Свист повторяется, он наполнен какой-то седой хрипотой. Я вдруг вспоминаю его: так глухой ночью разбежавшееся стадо призывает пастух. Он уже знает, что стадо не вернется. Это свист отчаяния, а не призыва. Одни лишь огорченные собаки трутся у ног. Пуста теплая, умятая тушами земля, ветер неслышно уносит клочки шерсти — остатки его стада.
Я молчу. Конь храпит.
Дрожит на камне горящая щепа. Ее оранжевый пламень густеет. Наконец она тухнет. Я кричу опять:
— Кто-о?..
— Обожди, апа… — шепчет мне Докай. — Тохта… Обожди.
Мы ждем.
Кустарники вдруг начинают шипеть.
Нет, это шаги. Они тяжелы, и мне вспоминается железная нога строителя Каракорума. Они медленны. Дыхание идущего таково, будто он дышит железными легкими.
Конь мой пятится, когда широкая, почти ползущая по земле серая фигура показывается из кустарников.
— Ты кто? — хрипло спрашивает он меня. — Ты кызыл-урус?
— Да, — отвечаю я, поднимая ружье, — да, кызыл-урус (что на языке пустыни значит красный русский).
— Тогда я буду говорить и целовать твое стремя, — хрипит вышедший из кустарников.
— Говори.
Опять вспыхивает щепа, и вместе с запахом смолы я явственно слышу запах трупа. И я тороплю, и конь, мотающий уздой, тоже торопит.
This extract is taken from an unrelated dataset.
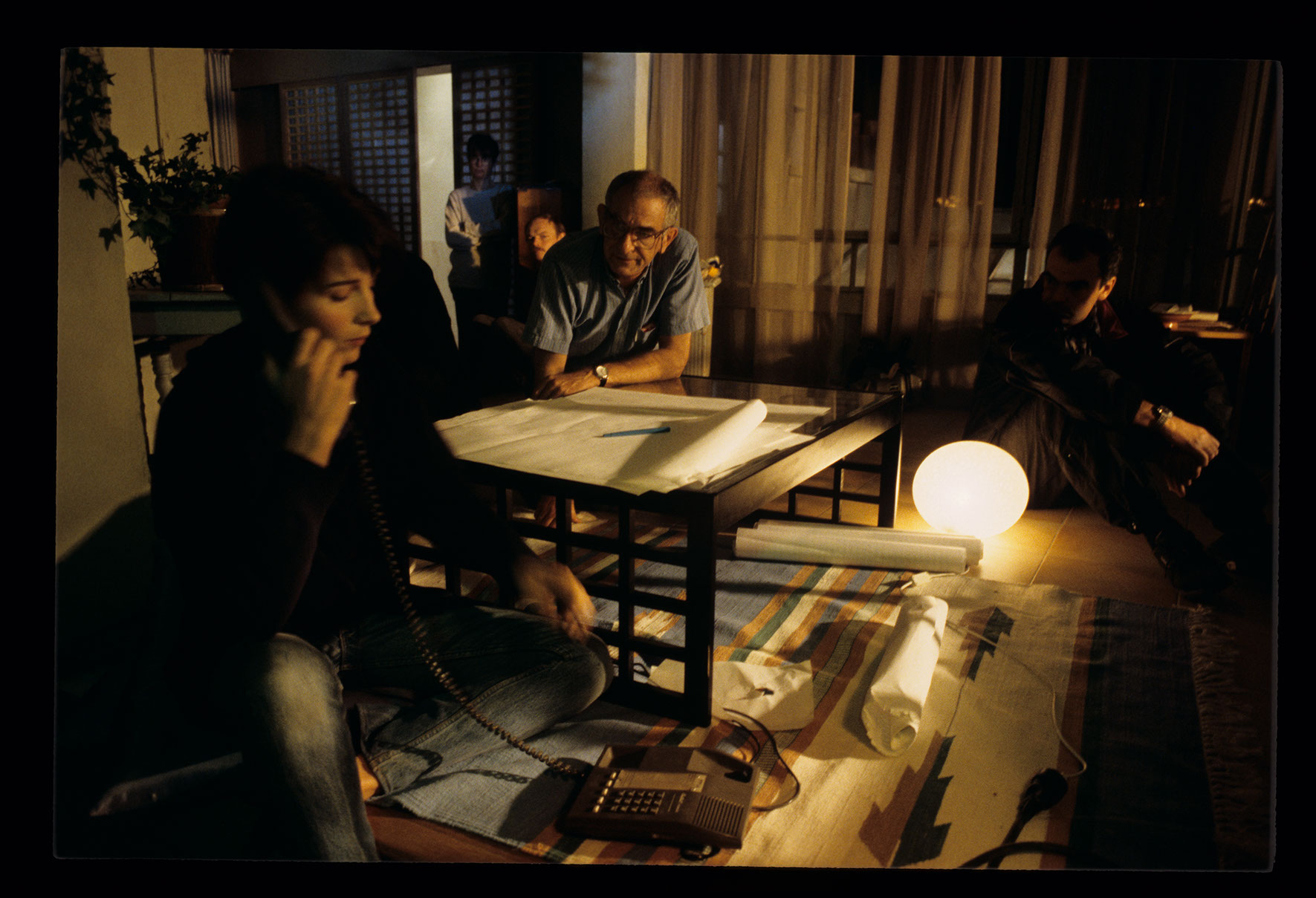 Kręcenie sceny ukończenia przez Julie kompozycji jej zmarłego tragicznie męża na koncert z okazji zjednoczenia Europy. Na zdjęciu aktorka Juliette Binoche (jako Julie), Krzysztof Kieślowski (reżyser), Zbigniew Preisner (kompozytor muzyki do filmu), Genevieve Dufour (sekretarka planu), Henryk Jedynak (współpraca operatorska).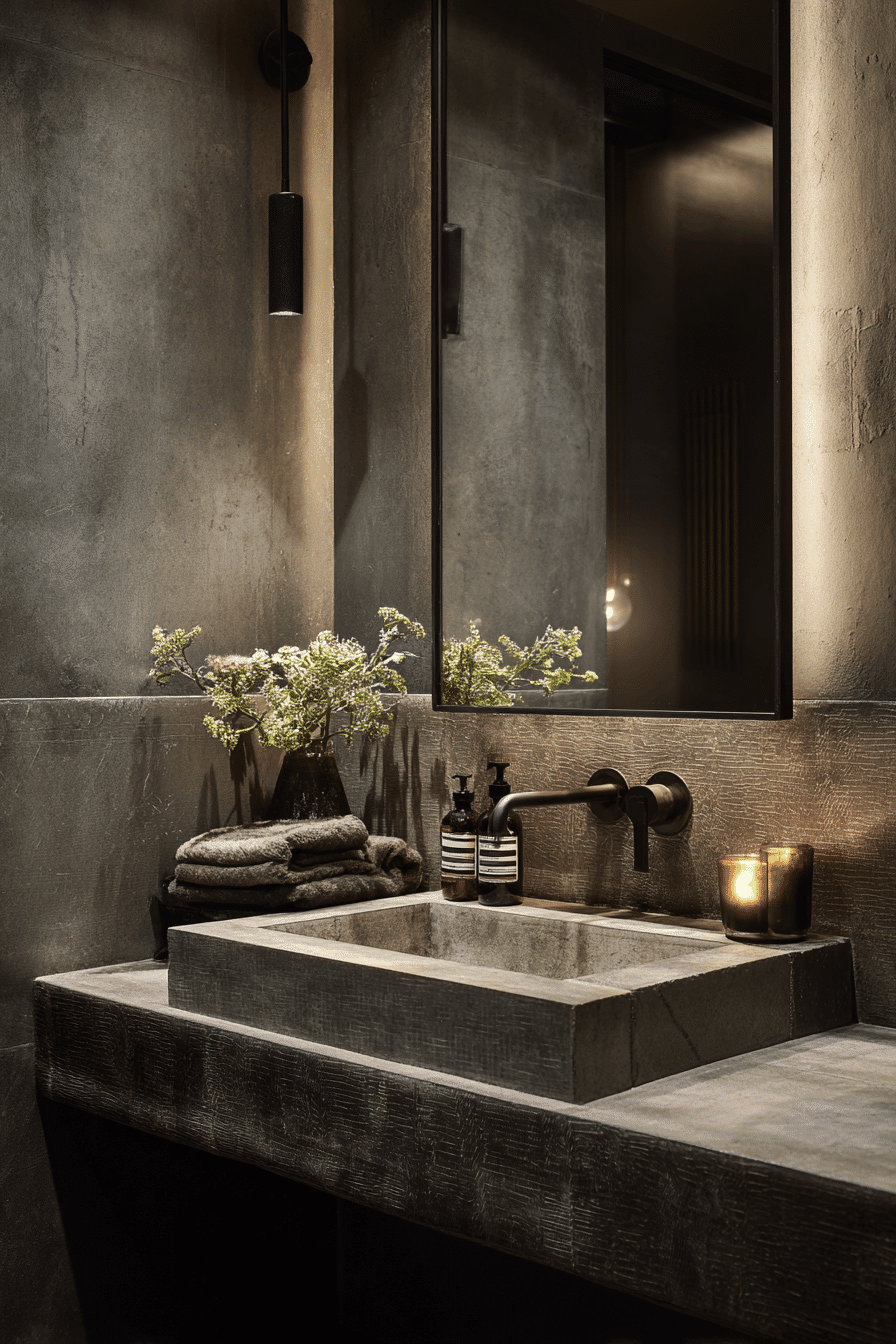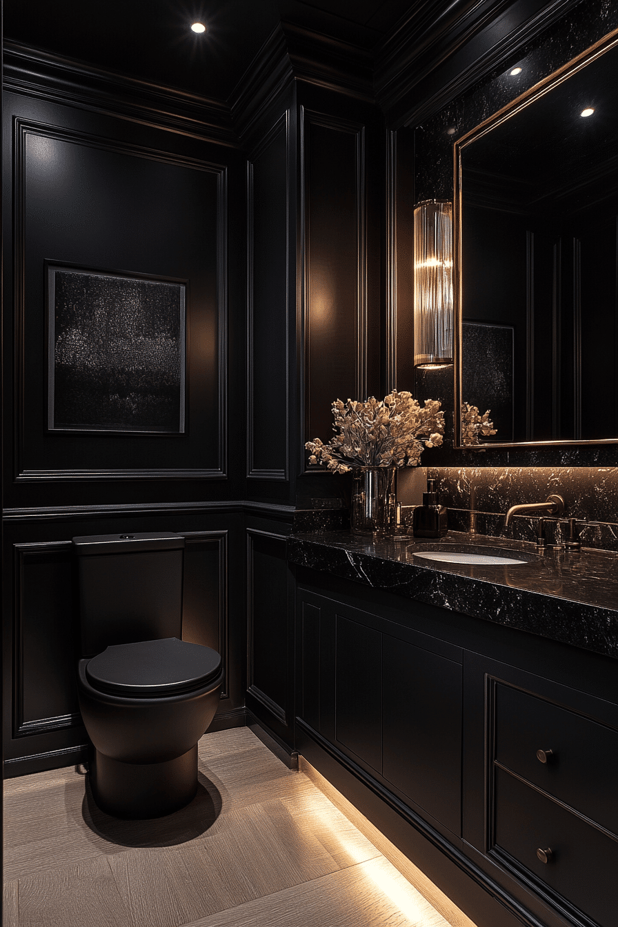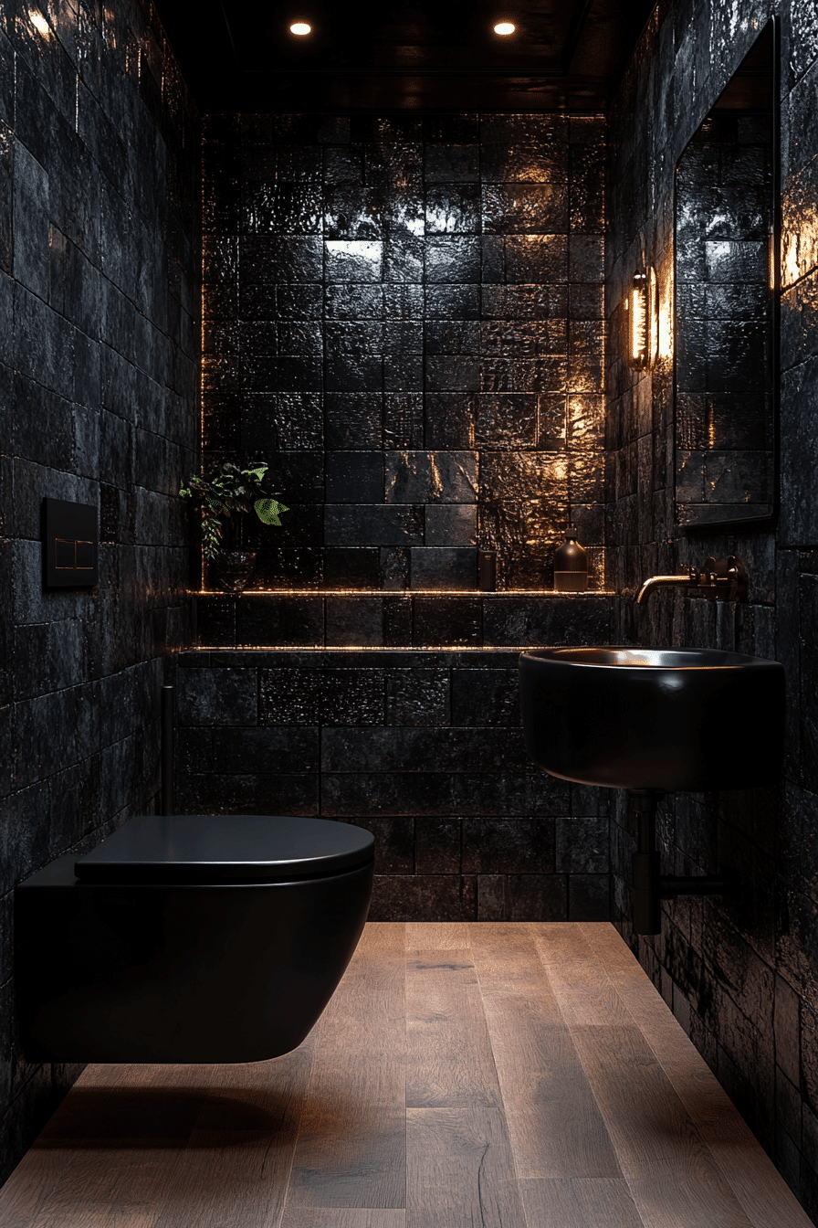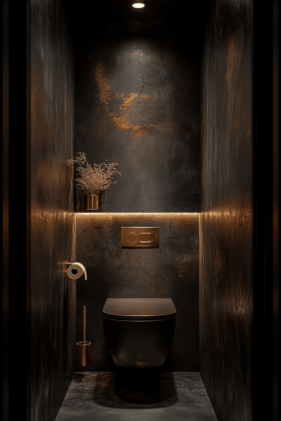 Step into the world of bold, atmospheric design with these 25 small moody bathroom ideas that prove compact spaces can make a dramatic statement. Dark palettes, rich textures, and layered lighting come together to create intimate retreats that feel luxurious rather than cramped. From velvet tones and matte black finishes to smoky mirrors and marble accents, each design embraces depth and shadow to transform your bathroom into a sophisticated sanctuary. Whether you’re drawn to minimalist noir elegance or warm, textured havens, these ideas show how to maximize style and mood in even the smallest spaces.

— Говори, подошедший ночью.
— Я говорю тебе, сидящий на кауром коне, и слова мои верны, как то, что некогда здесь вместо каракорумской полыни кузнецы умели ковать сабли лучше кузнецов белого царя, которого вы, кызыл-урус, зарезали. Значит, так нужно, и мне не жалко его. Я кузнец, и в джатаках подле поселков у меня есть горн, и род мой, быть может, идет от кузнецов Каракорума. Я имею стадо в пять рогатых голов, две лошади и указанное, по преданию, для бедняка число баранов. Восемь лет платил я за жену калым и платил бы, если б было нужно, еще восемьдесят ради одной встречи восхода на кошме моей юрты за чиевой перегородкой. Ее походка легче иноходцев всей Гоби, а пальцы ее, доящие кобылиц, колыхали вымя легче, чем ветер колышет ковыль, и такое колыхание было у меня на сердце, когда она подавала мне чашку, наполненную до краев айраном. Я — хороший хозяин, но, беря чашку, я плескал на кошму айран, молоко. Ты бы, посмотрев на выплеснутые капли, вылизал их языком, потому что вы не привыкли, русские, любить. Ваша любовь похожа на молодую лошадь, не умеющую держаться на скачках. Я не хотел быть баем, богачом; жена не хотела быть ханшей, и все-таки вчера вечером к лощине Аи-Той пришли баи и урусы-казаки с парчовыми плечами. Они вырезали мое стадо, и думаю, кызыл-урус, им, должно быть, не хватило крови, и они на голой земле, растоптав мою жену, вырезали ее груди. Они не нашли ее сердца, потому что оно, страдая за мои стада и меня, высохло в тот вечер и было, наверно, не крупнее пылинки! Я не мог принести вам своих зарезанных овец и коров, они поедены. Я принес показать вам свою жену… Я нес ее на своих руках двадцать верст от лощины Аи-Той, чтоб ты обменял ее труп на верную винтовку…
Киргиз сдернул грязное одеяло, покрывавшее труп. Скатилась черная капля смолы и сипло зашипела. Рот у женщины был распорот, и щека проткнута саблей.
— Ее звали Кызымиль, — сказал киргиз, сметая ногтем упавший на рану жены уголь. — Она плюнула старшине в бороду, когда тот, опившись кумыса, полез ей за ворот.
Он вдруг упал на колени и схватил мое стремя. Губы его вытолкнули из стремени мой сапог.
— Давай, урус, винтовку. Я двадцать верст нес на себе Кызымиль, она тяжелая, — я ее хорошо любил и хорошо кормил. Давай! Едем?
— Едем.
Тропа несет меня к кострам моих друзей. Костры будто покрыты росой. Тропа мокра от росы, как повода узды моего коня.